В новостях обо мне не пишут, интервью не берут. Хотя, если хорошенько вспомнить, то на самой заре моих публикаций ко мне пришел один очкарик из местной газеты и стал выведывать мои планы на будущее. Тогда я ему сказал, что мне нужен одинокий дом в одиноком поле, но он не поверил, решив, что я прибедняюсь и спекулирую. Но я был честен, как со своей бывшей, когда заявил, что ее грудь меня больше не возбуждает. И этот очкарик, подобно моей бывшей, так же встал, так же откланялся, просил его извинить и тихонько закрыл за собой дверь. В тот день я решил, что статья обо мне выйдет дерьмовая, что после такого ухода очкарик не сможет написать ничего путного. И знаете что? Статья действительно вышла дерьмовей некуда. Меня выставили нелюдимом-одиночкой, чуть ли не психом-отшельником, который мечтает о затворничестве в канализационноподобной конуре. В этом, разумеется, тоже был свой шарм, но я не до конца понял эту шутку юмора и даже не сохранил статью, пустив ее в качестве расходного материала для обертывания таранки.

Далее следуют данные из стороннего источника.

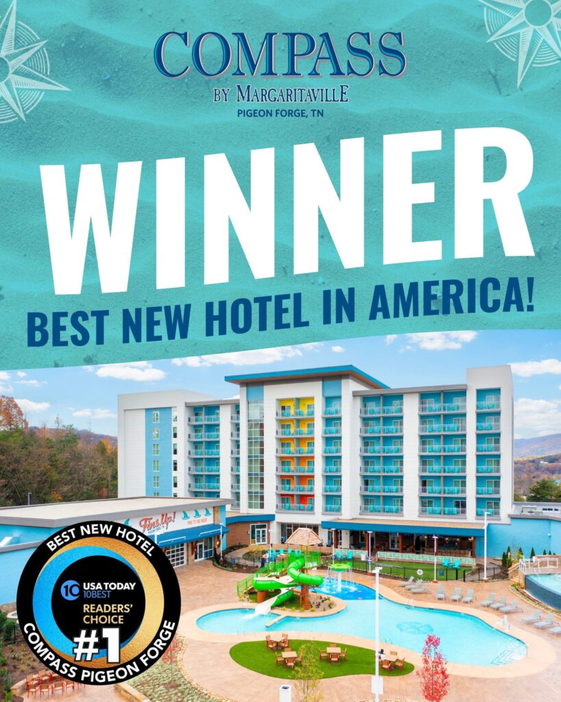 Each year, USA TODAY’s 10Best Readers’ Choice Awards highlight standout destinations across travel and hospitality. A panel of industry experts first selected 20 new hotels nationwide as finalists, and the public ultimately voted Compass Hotel by Margaritaville Pigeon Forge as the number one winner.
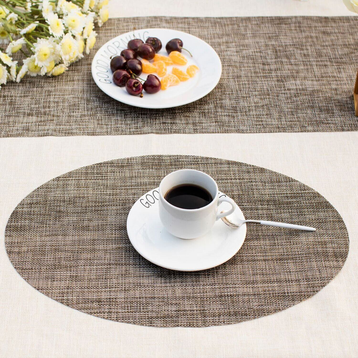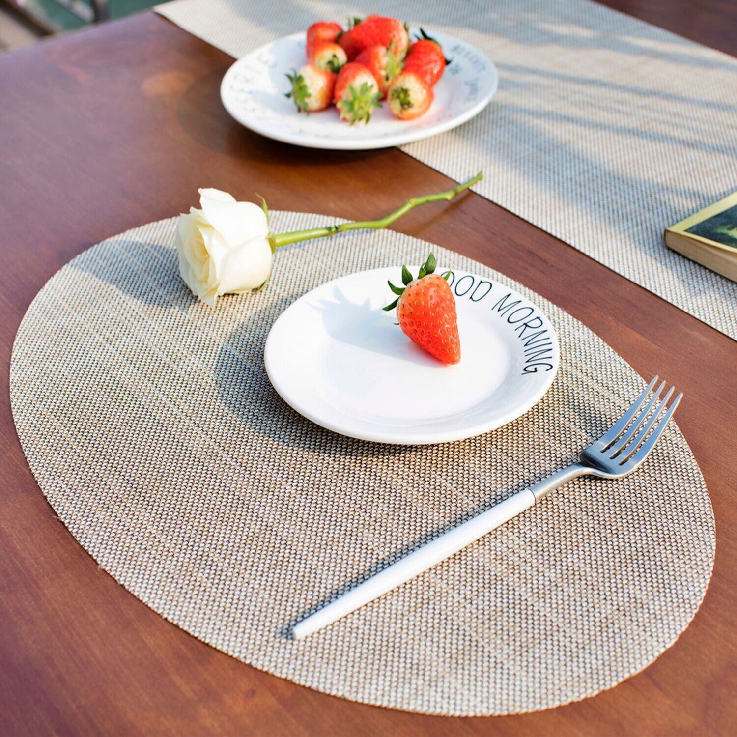 Meihan ランチョンマット プレースマット テーブルマット 楕円形 オーバル 撥水 防汚 断熱 滑り止め 飾り 食卓 上品 雰囲気 レストラン用 4枚セット
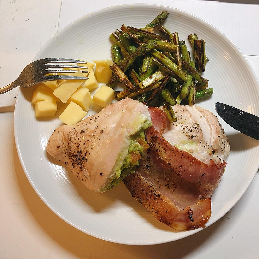 鸡胸肉里面填上guacamole(牛油果+西红柿+洋葱+lime juice)之后包上培根进烤箱 180度15分钟 #I...
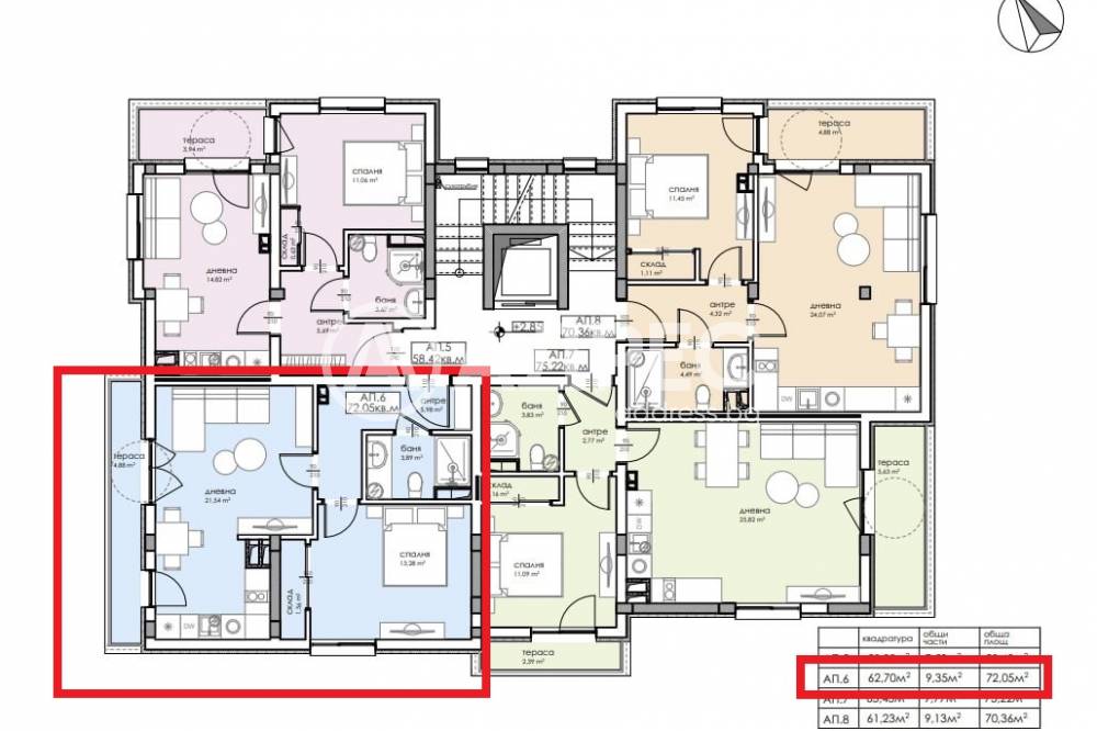 Двустаен апартамент с площ 72,05 кв. м., етаж 2 от 4, асансьор. Състои се от антре, дневна с кухненски кът и тераса, спалня, баня с тоалетна и складово помещение.

Да и что говорить, может, тот очкарик из местной газетенки был на самом деле прав. В конце концов от меня отвернулись все, все без исключения. Жена бросила, детей не видел уже лет восемь, друзья отвернулись как по команде сразу после того, как прочитали наброски моего так и не опубликованного романа, в котором я всех описывал такими, какими они были в жизни, что им, собственно, и не понравилось (стоматолог понял, что он всего лишь стоматолог, до инженера дошло, что никем другим ему в жизни не стать, воспитательница из детского сада уразумела, что вплоть до самой пенсии ей придется нянчиться с детьми и по местам расставлять горшки; в общем, не всех прельщало, когда о них писали правду). Это было довольно странно наблюдать, как с каждым днем у тебя становилось все меньше точек опоры в виде друзей и знакомых. Сначала они начинали сухо с тобой разговаривать, потом просто здоровались, а затем и вовсе переставали снимать трубку. Каждый раз, как кто-то не подходил к телефону, я вычеркивал его имя из своей адресной книги. Спустя пять лет в ней не осталось ни одной не вычеркнутой записи, и именно тогда я понял, что остался один. Не знаю, почувствовал ли я облегчение или горечь утраты, но жизнь изменила свое русло необратимо и пути назад уже не было. Я не горел желанием заводить новые знакомства и поэтому – как и мечтал с самого детства — собрал все свои накопления за долгие годы работы гробовщиком в городском магазинчике с незатейливым названием «Гробовое молчание», сторожем в близлежащем лесном хозяйстве, грузчиком в супермаркете, кассиром захудалой кофейни и бездарным поэтом у одного-единственного издателя – и купил себе этот самый огромный особняк. Когда агент в первый раз завел меня в дом, я немедленно почувствовал одиночество и пустоту, исходившие от стен, пола и потолка этого особняка. Я ощутил такое родство с этой постройкой, что просто не мог отказаться от ее покупки, и, внеся необходимый первоначальный взнос, в ту же ночь остался там – в этих неровно поклеенных обоями стенах среди пустынного поля, с четырех сторон плотно окруженного сосновым лесом.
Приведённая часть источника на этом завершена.